Senator: Consider special session on funding hospitals

The Louisiana Legislature should consider calling itself into special session if the Jindal administration does not provide answers on its plans for patient care at public hospitals hit by budget cuts, a state senator said Monday.

“If we can’t get information about where care will be provided and how patients are going to get there, I’m going to urge my colleagues to call themselves into special session,” said state Sen. Ben Nevers, whose district includes LSU’s hard-hit Lallie Kemp Medical Center in Independence.

Budget cuts, ordered by Gov. Bobby Jindal, take away one-third of the hospital’s budget of just over $40 million. The LSU Board of Supervisors approved reductions that would eliminate the hospital oncology unit, its HIV treatment program as well as other health care services.

Senate President John Alario said legislators should have a plan before considering a special session. “It would be a mistake for the Legislature to call itself in to have a debate rather than having a solution,” said Alario, R-Westwego.

Alario said he wants to know what Nevers has in mind.

Alario said it only takes a majority vote for legislators to call themselves into session, but it takes a two-thirds vote to override Jindal’s decisions.

Late last week, state Democratic Party chairwoman Karen Peterson called for legislators to return to the State Capitol to consider eliminating some tax exemptions to free up money for health care. A legislative panel is in the midst of a study of the more than $1 billion in tax exemptions on the books today.

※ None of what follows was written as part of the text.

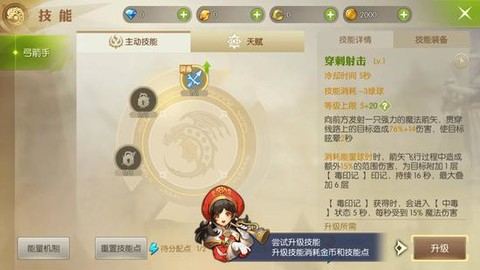 角色技能可以通过技能点和金币进行升级,30级之后还可以升级天赋,提升生命值、攻击力和属性等。35级前玩家可以免费重置技能点,所以在35级前完全不用担心加错点,多多尝试不是什么坏事。
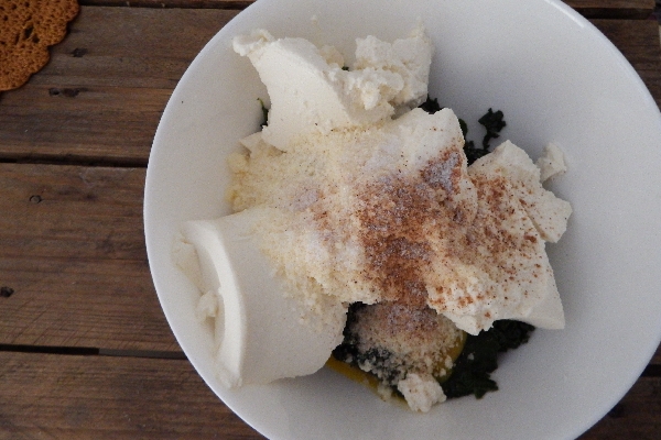 Doe in de kom de gezeefde koeienricotta met de parmezaan, de nootmuskaat, het ei en de spinazie

Nevers said he’s asked that the state Senate Health and Welfare Committee open hearings on the cuts imposed as a result of a sudden drop in federal support for the state’s Medicaid health insurance program for the poor.

“I felt like we should have been a part of the discussion” on how to deal with the Medicaid reduction, said Nevers, D-Bogalusa. “All this was released in a press conference.”

Nevers said people are going to end up in the emergency rooms of other area hospitals absent a patient care delivery plan.

Alario acknowledged frustration among some lawmakers where the cutbacks affect their districts.

“There are a couple of pockets like that in the state,” Alario said. “The administration had to make some hard decisions. I’m not sure that the Legislature would have had a much better solution than this.

“It certainly would have been nice if they had conferred with them,” Alario said.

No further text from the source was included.